## Problem to solve
An exact copy is needed of the lines from the one that contains "まぁ、それぞれ予定があるけど😊 ジュニアは大喜びで、男3人でスマブラで遊んでます笑 そろそろ寝かせたいがたまにはいっか〜" through the final line of the data below, with pictures left out.

## Entries shown
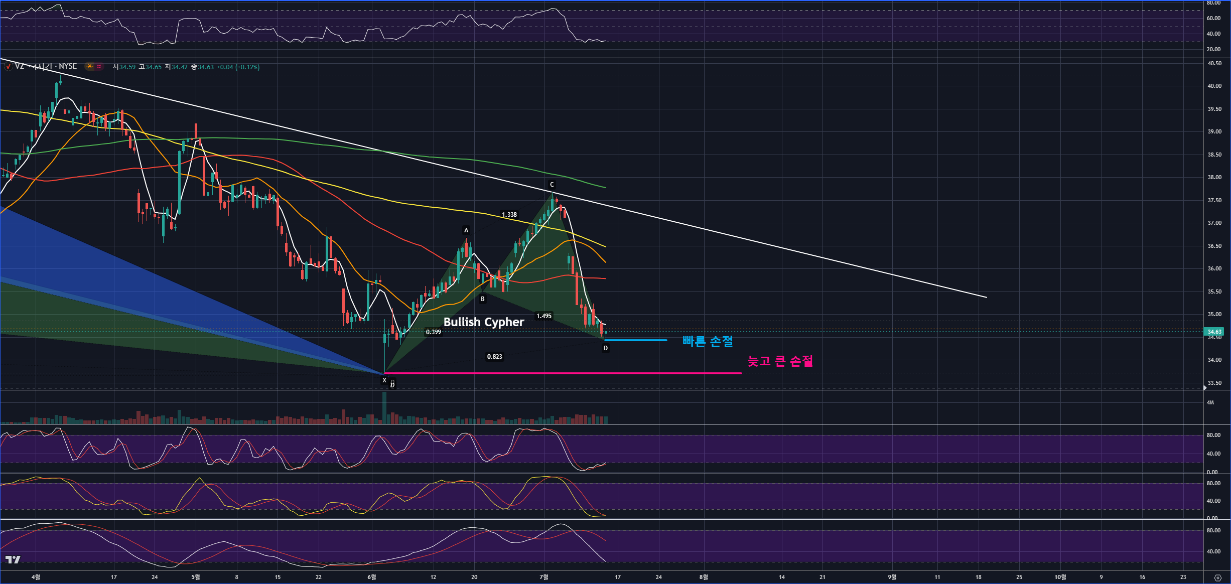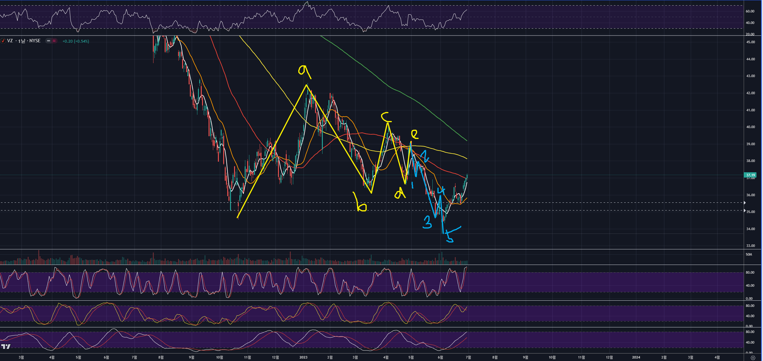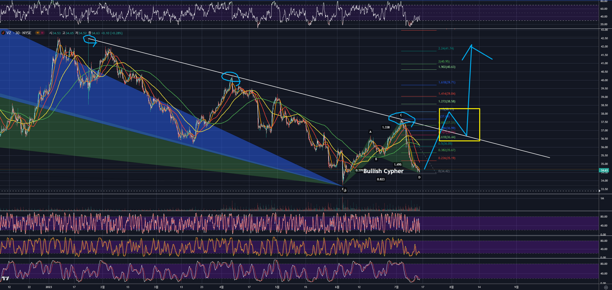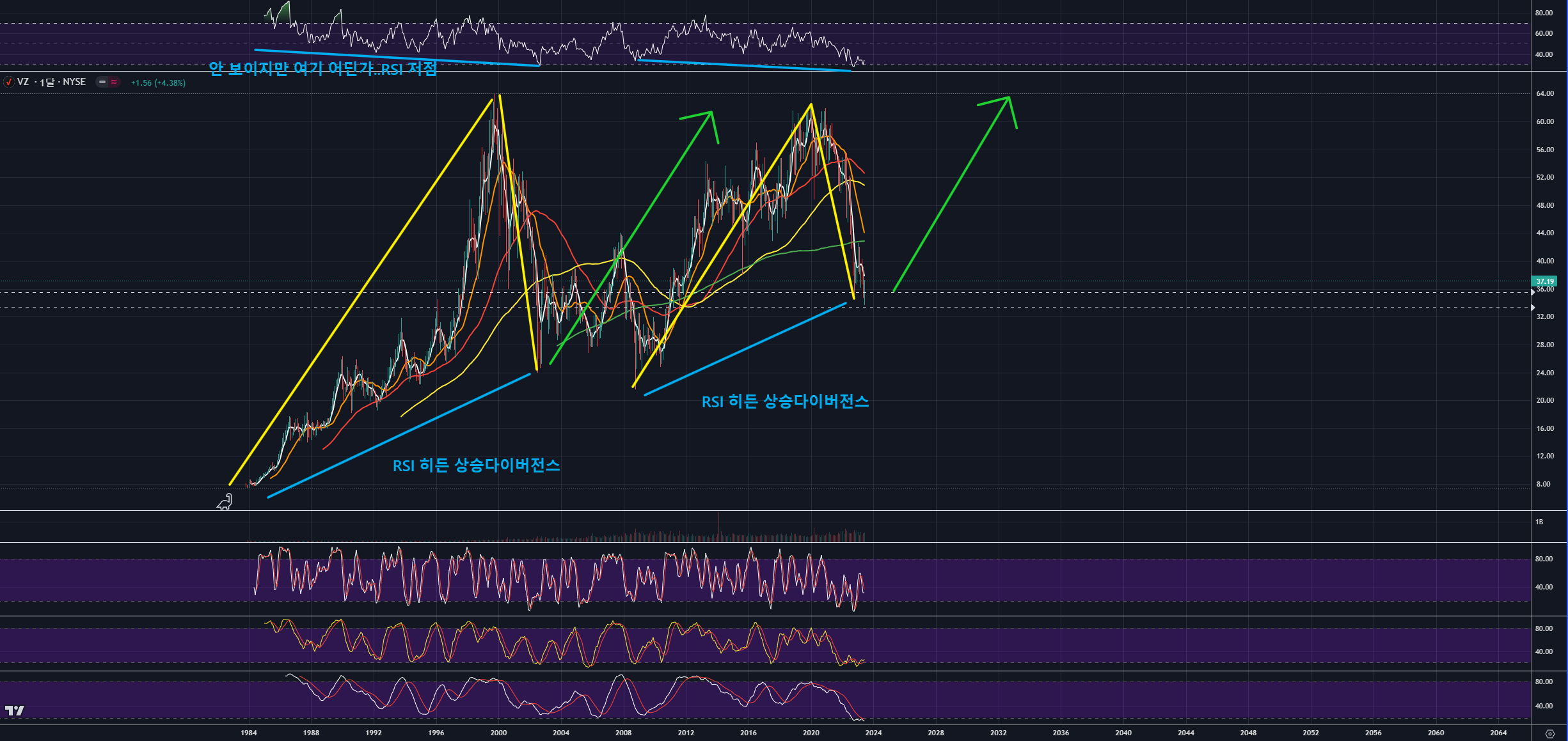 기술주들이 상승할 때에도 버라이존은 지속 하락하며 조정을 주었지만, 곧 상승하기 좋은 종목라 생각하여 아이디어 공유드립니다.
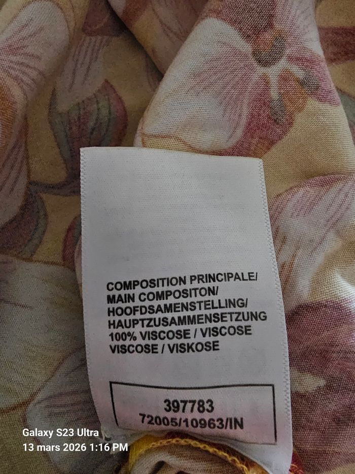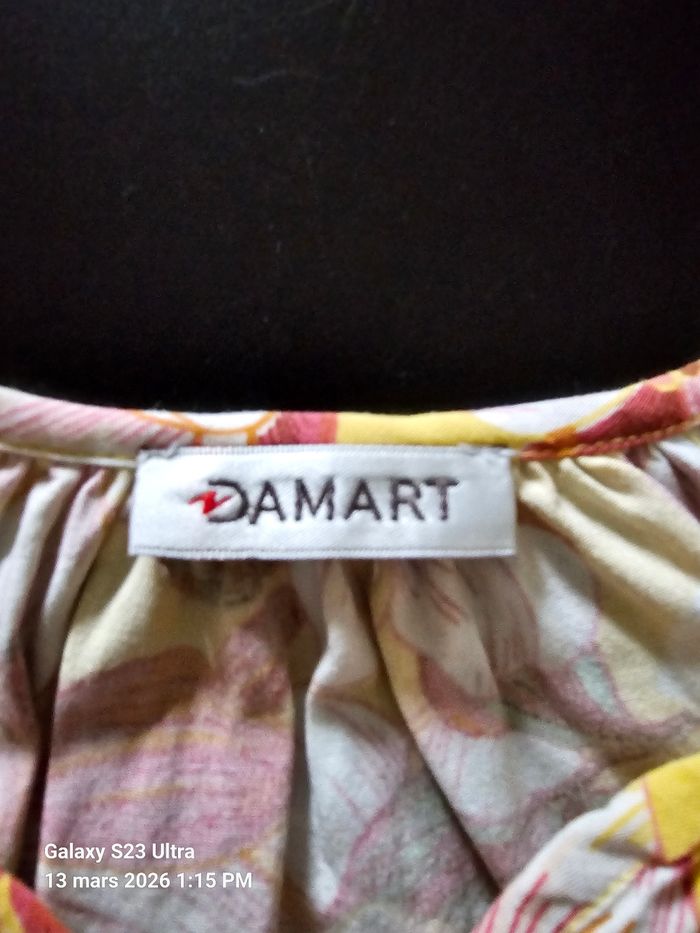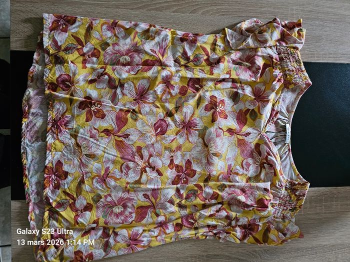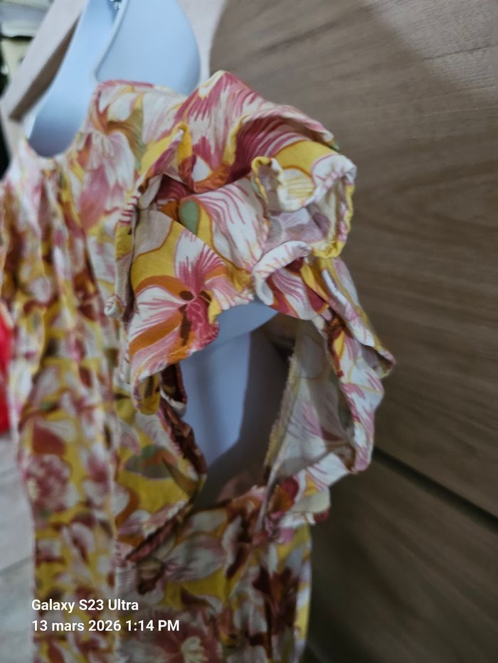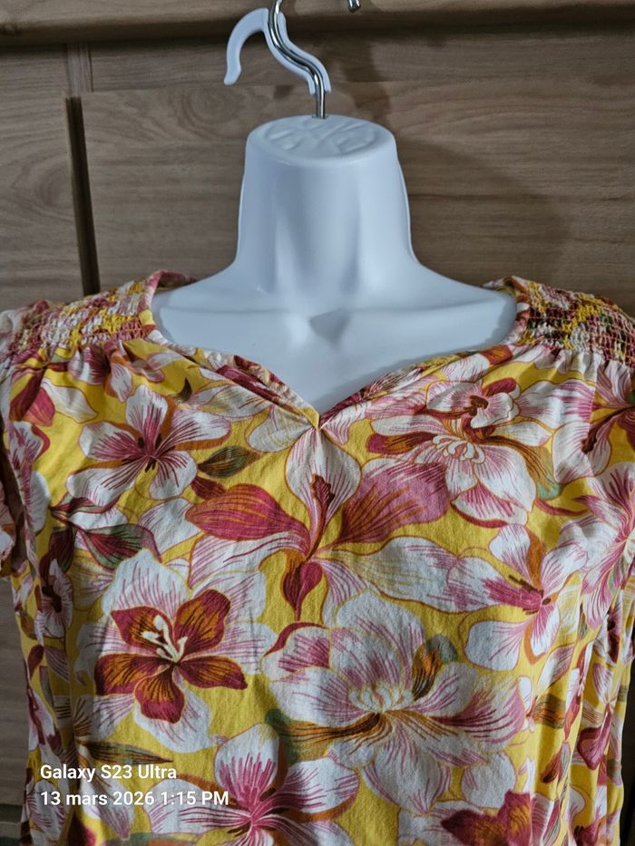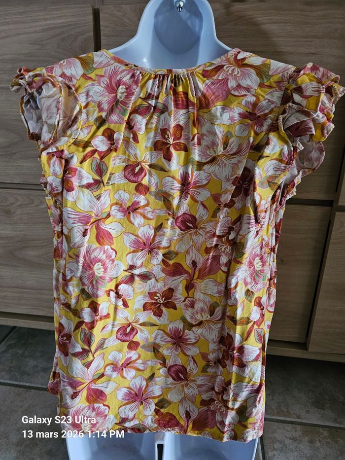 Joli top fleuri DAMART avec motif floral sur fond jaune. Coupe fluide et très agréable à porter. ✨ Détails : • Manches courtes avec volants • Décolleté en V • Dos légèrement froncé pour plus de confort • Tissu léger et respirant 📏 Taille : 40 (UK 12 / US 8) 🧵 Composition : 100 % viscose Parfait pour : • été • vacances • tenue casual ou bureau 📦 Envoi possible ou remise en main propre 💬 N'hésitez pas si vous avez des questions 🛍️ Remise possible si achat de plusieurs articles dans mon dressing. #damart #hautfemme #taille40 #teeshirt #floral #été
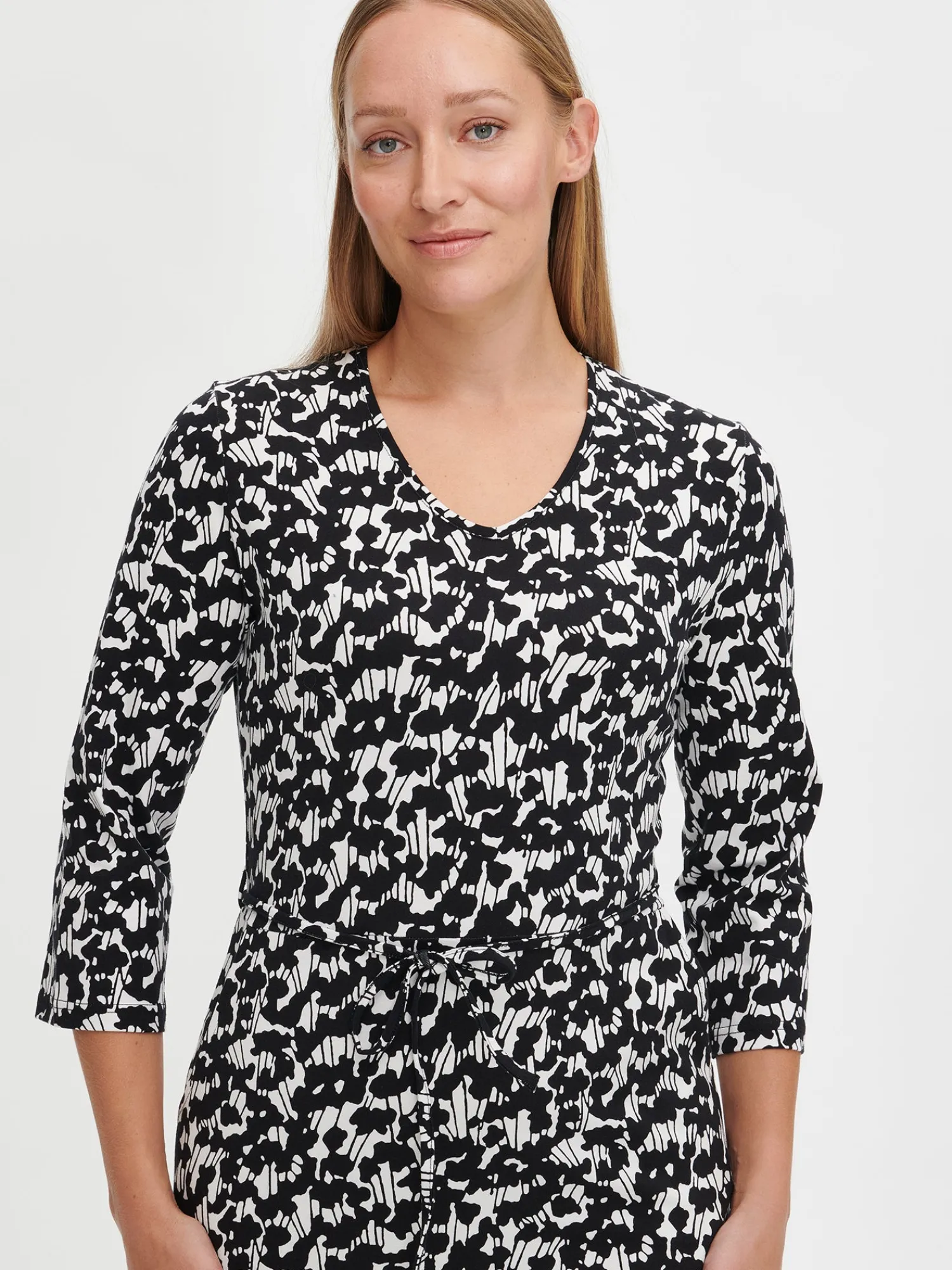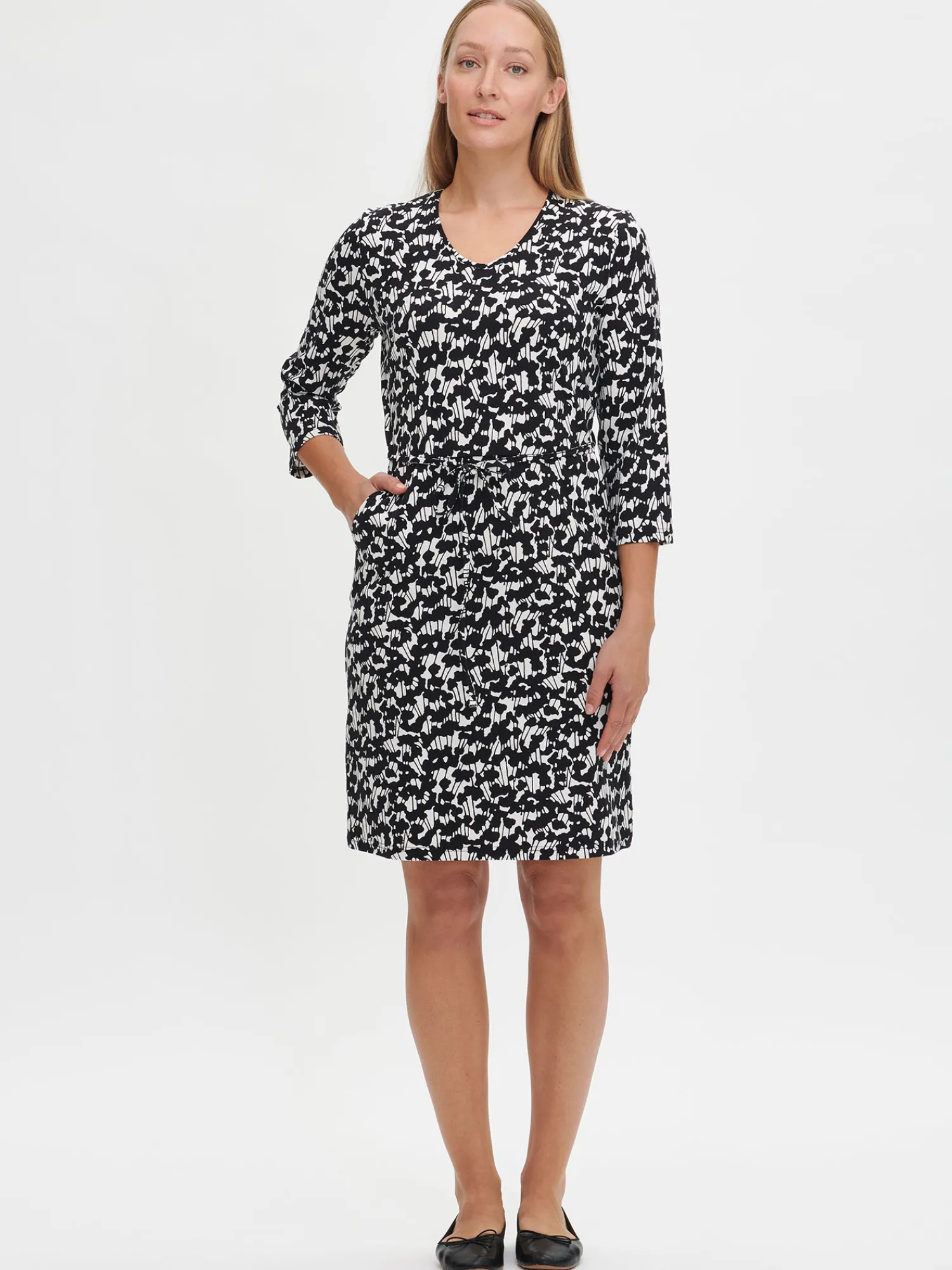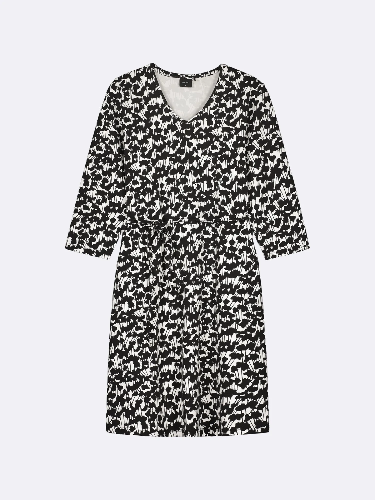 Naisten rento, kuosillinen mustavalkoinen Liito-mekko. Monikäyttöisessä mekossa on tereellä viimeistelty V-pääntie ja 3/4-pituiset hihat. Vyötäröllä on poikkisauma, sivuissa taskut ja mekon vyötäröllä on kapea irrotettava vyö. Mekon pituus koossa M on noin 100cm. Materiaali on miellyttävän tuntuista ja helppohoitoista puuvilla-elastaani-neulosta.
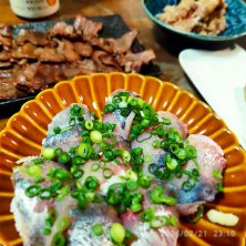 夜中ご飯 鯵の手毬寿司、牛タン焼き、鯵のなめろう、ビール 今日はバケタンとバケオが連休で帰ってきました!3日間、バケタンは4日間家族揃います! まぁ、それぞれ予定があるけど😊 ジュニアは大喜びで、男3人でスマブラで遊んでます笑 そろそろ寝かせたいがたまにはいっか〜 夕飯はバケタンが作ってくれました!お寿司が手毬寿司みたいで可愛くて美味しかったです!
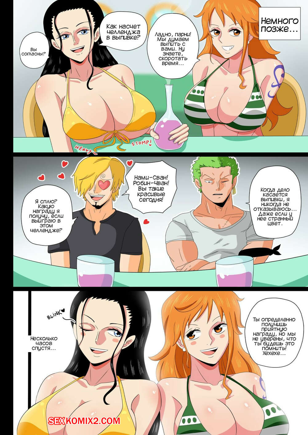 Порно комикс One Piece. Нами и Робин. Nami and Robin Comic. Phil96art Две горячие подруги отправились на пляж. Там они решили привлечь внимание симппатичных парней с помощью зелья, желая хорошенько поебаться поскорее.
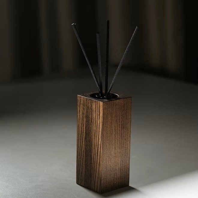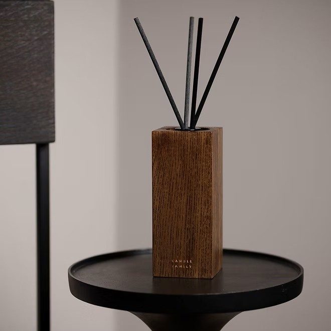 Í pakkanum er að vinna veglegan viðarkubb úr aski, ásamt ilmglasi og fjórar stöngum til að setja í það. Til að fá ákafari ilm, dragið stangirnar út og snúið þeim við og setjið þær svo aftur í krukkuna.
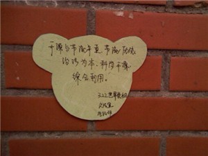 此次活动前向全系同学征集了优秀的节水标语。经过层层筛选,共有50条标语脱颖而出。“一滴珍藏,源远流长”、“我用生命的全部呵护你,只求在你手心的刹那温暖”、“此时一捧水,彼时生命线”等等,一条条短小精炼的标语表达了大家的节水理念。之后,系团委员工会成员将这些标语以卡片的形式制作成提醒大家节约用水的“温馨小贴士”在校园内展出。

## Solved exercise
 夜中ご飯 鯵の手毬寿司、牛タン焼き、鯵のなめろう、ビール 今日はバケタンとバケオが連休で帰ってきました!3日間、バケタンは4日間家族揃います! まぁ、それぞれ予定があるけど😊 ジュニアは大喜びで、男3人でスマブラで遊んでます笑 そろそろ寝かせたいがたまにはいっか〜 夕飯はバケタンが作ってくれました!お寿司が手毬寿司みたいで可愛くて美味しかったです!
 Порно комикс One Piece. Нами и Робин. Nami and Robin Comic. Phil96art Две горячие подруги отправились на пляж. Там они решили привлечь внимание симппатичных парней с помощью зелья, желая хорошенько поебаться поскорее.
 Í pakkanum er að vinna veglegan viðarkubb úr aski, ásamt ilmglasi og fjórar stöngum til að setja í það. Til að fá ákafari ilm, dragið stangirnar út og snúið þeim við og setjið þær svo aftur í krukkuna.
 此次活动前向全系同学征集了优秀的节水标语。经过层层筛选,共有50条标语脱颖而出。“一滴珍藏,源远流长”、“我用生命的全部呵护你,只求在你手心的刹那温暖”、“此时一捧水,彼时生命线”等等,一条条短小精炼的标语表达了大家的节水理念。之后,系团委员工会成员将这些标语以卡片的形式制作成提醒大家节约用水的“温馨小贴士”在校园内展出。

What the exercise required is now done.